For vehicle manufacturers, there is an opportunity to optimize waste-heat recovery systems for the benefit of recovering exhaust gas and converting it into usable mechanical and electrical energy. This application represents an emerging automotive technology for improving fuel efficiency and reducing CO2 emissions. Successful simulation of waste heat recovery systems requires modelling and capturing the complex interactions between multiple vehicle sub-systems, and as a result often requires the use of multiple CAE software tools. This approach can be cumbersome, costly, inefficient, and error prone. Recognizing the challenge, Volkswagen utilized Ricardo Software’s model based design CAE software IGNITE to develop new methods for the optimization of waste heat recovery systems in future vehicles.
In order to achieve the level of fidelity and sub-system dynamics required for accurate waste heat recovery system optimization, the functional mock-up interface was used to combine three domain-specific models in IGNITE resulting in a single integrated model.
First, IGNITE was used to construct a full system-level vehicle model needed to confirm boundary conditions and overall vehicle performance. This initial concept level model included a map-based engine model, physics-based plant models of the transmission and driveline, and a longitudinal dynamics capable vehicle. It also included drive-cycle specific vehicle controllers for driver behavior, transmission, shift and engine strategies.

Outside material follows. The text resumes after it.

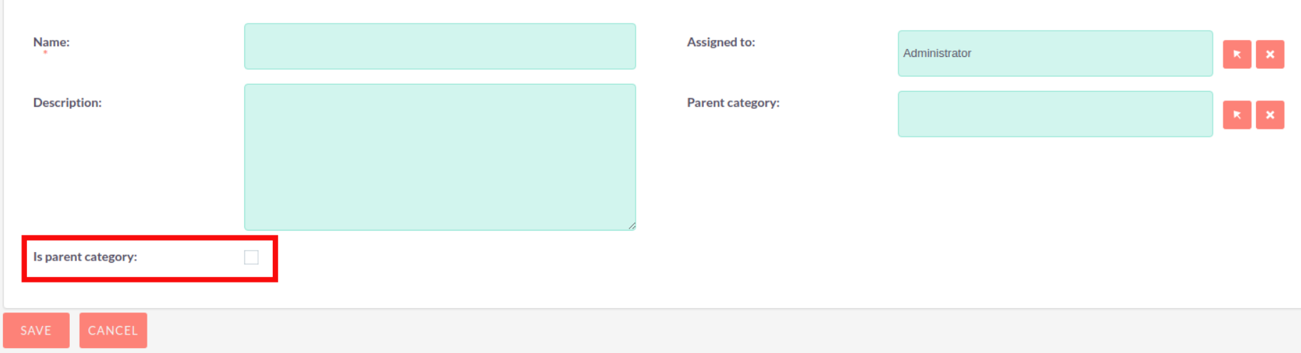 The Parent Category field is a relationship field to another Product Categories record. If you check the ‘Is Parent Category’ field then this signifies that the category is the highest level. Once selected you will not be able to select a Parent Category using the relate field.

Using the industry standard Functional Mock-up Interface (FMI), engineers rapidly added new and more comprehensive sub-system models including a transient 1D gas dynamics engine; exported from Ricardo Software’s WAVE-RT toolset using the FMI standard.
With a transient engine integrated directly within the vehicle model, the next step was to add a detailed waste heat recovery sub-system model. Using TLK-Thermo’s TIL-Suite library, Volkswagen built a physics-based model of an organic Rankine system, which included physical models for the pump, evaporator, and expander and condenser operation. Similar to WAVE-RT, the TLK model was imported, using FMI standards, directly into the IGNITE environment and combined with the engine and vehicle models.
By combining flexible modeling fidelity with the multi-domain integration capabilities of the Functional Mock-Up Interface, IGNITE provided Volkswagen engineers with a flexible and efficient approach to advanced systems simulation and optimization.